The viewer can become an active participant in the installation in various ways. In addition to a multitude of perceptual experiences, “HHole” also offers the opportunity to embark on journeys of discovery into various content-related and associative levels. For example, they notice that the individual levels of the artwork, as well as those of the adjacent staircase, which is closely connected to the work, are illuminated with different light colors and additionally enriched with various aromas. The distribution of the light colors represents a parallel to the chakra colors, which represent the different parts of the human body. In addition to the aforementioned “primal scream” of a child, which one hears upon entering the Earth Room, one can hear musical interpretations of famous piano pieces by Erika Barends upon opening the gate to the Paradise Room.

The French pianist Douglas Guarneri composed piano pieces for “HHole,” which he titled “Roonstrasse 0,” “HHole Connection,” and “Phoenix for MannHeim.” After giving a concert in Mannheim as part of a Deutsche Bank event, the pianist is currently working on further pieces, which will also all be part of the work.

“HHole (for Mannheim)” is a kind of “microcosmic parallel” that refers in content to the macrocosms of the world and nature, their cyclical laws, and the polar forces manifesting within them. “HHole” has a similarly parallel relationship to the museum as a reference coordinate, reflecting it as a place of collective memory and thereby becoming a place of memory itself.

The multimedia installation, which, in extension of traditional sculpture, can be understood as an “evolving environment,” is primarily accessible through a phenomenologically oriented, spatially and temporally extensive perception. HHole can subtly sharpen the viewer’s senses and their awareness of the experience of space, time, place, context, life, history, and meaning of the museum, conveying art as an experiential category. Both the creation and the ongoing updating of the work are documented on the work’s website, hhole.net.
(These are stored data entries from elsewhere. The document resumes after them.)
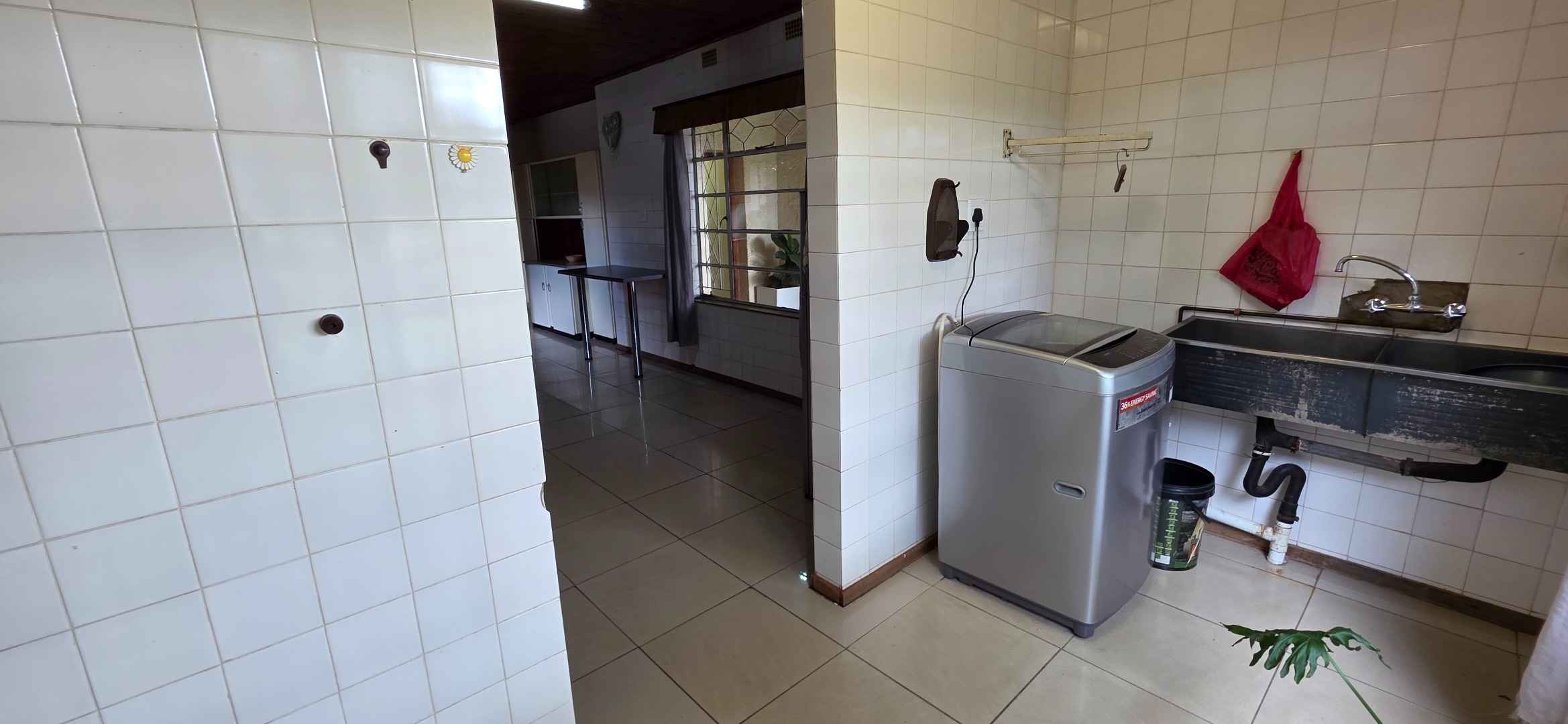 The kitchen is generously sized and practical, offering extensive built-in cupboard space, ample countertops, and room for multiple appliances. There is sufficient space to accommodate a breakfast table or additional preparation surface if desired. The kitchen leads through to a separate scullery and laundry area, which offers space for a washing machine and additional utility storage, keeping the main kitchen neat and uncluttered.
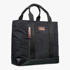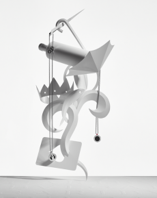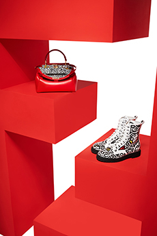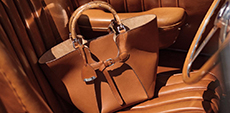 Accessories extend the narrative — pumps bound with cords, square-toed driving shoes, the rounded La Ferrari Dino Bag, the angular Nello Tool Case, jewels shaped like bolts and padlocks. Each piece resonates with the pragmatic poetry of the workshop.
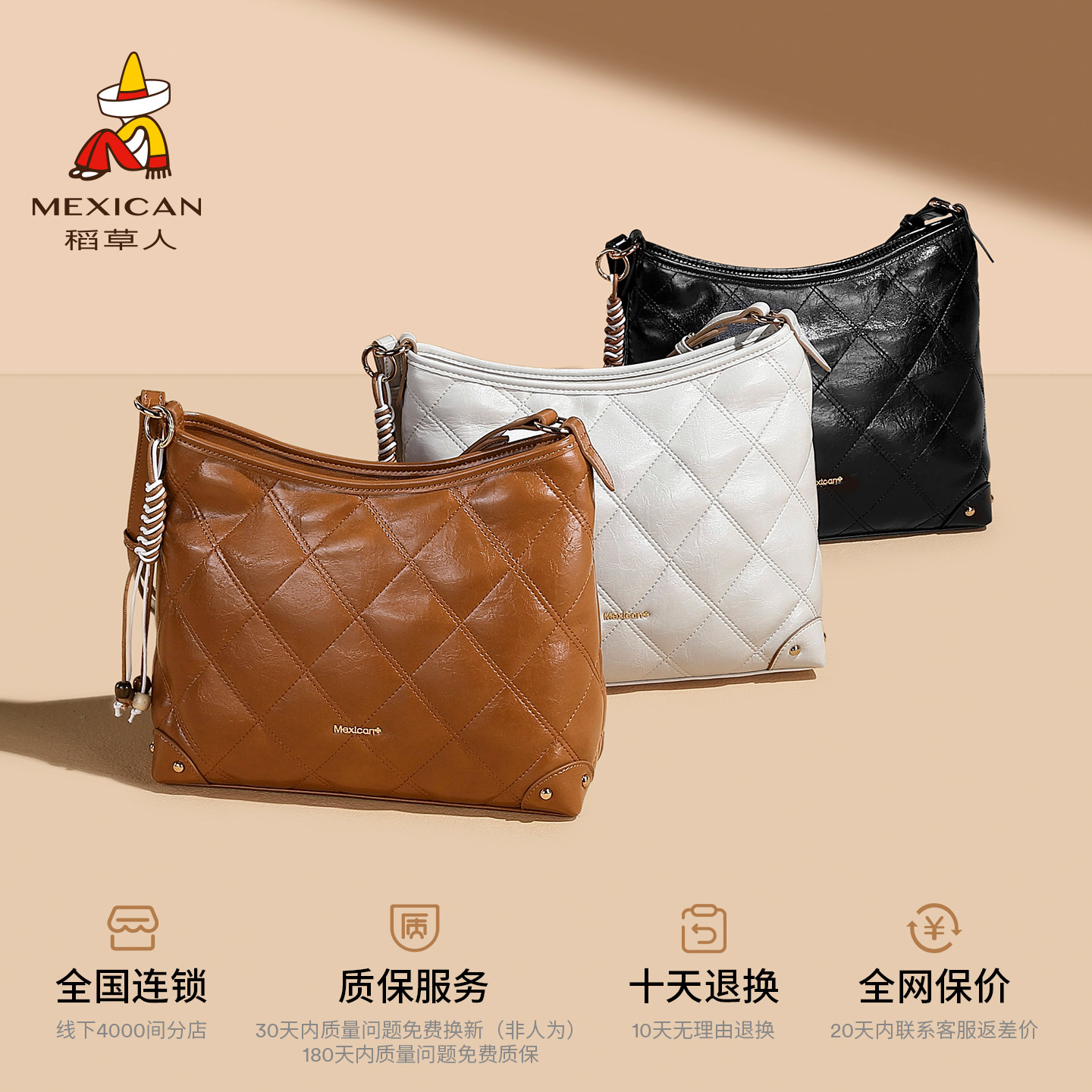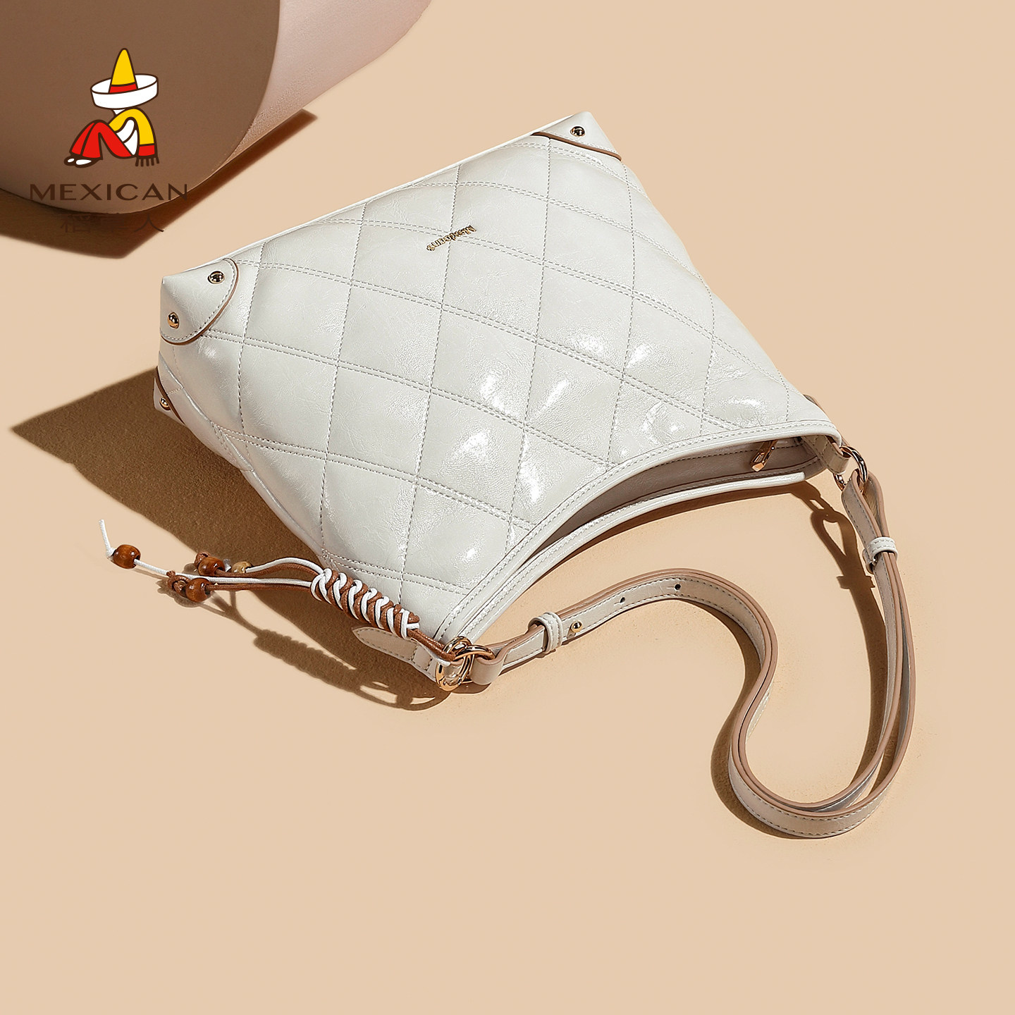 稻草人包包大容量时尚菱格水桶包

Visitors can also contact “HHole” by phone at +49 621 44 91 08, leaving questions and suggestions, or even discussing the work with the artist, the director, or the art education staff. It is also possible to call from an installation to other levels and thus engage in conversations with friends or random viewers. Finally, visitors can also write letters to the special address for “HHole” (“HHole”, c/o Kunsthalle Mannheim, Roonstrasse 0, 68165 Mannheim).

"HHole" thus manifests itself as a communication and participatory artwork that activates visitors to a high degree to expanded forms of perception.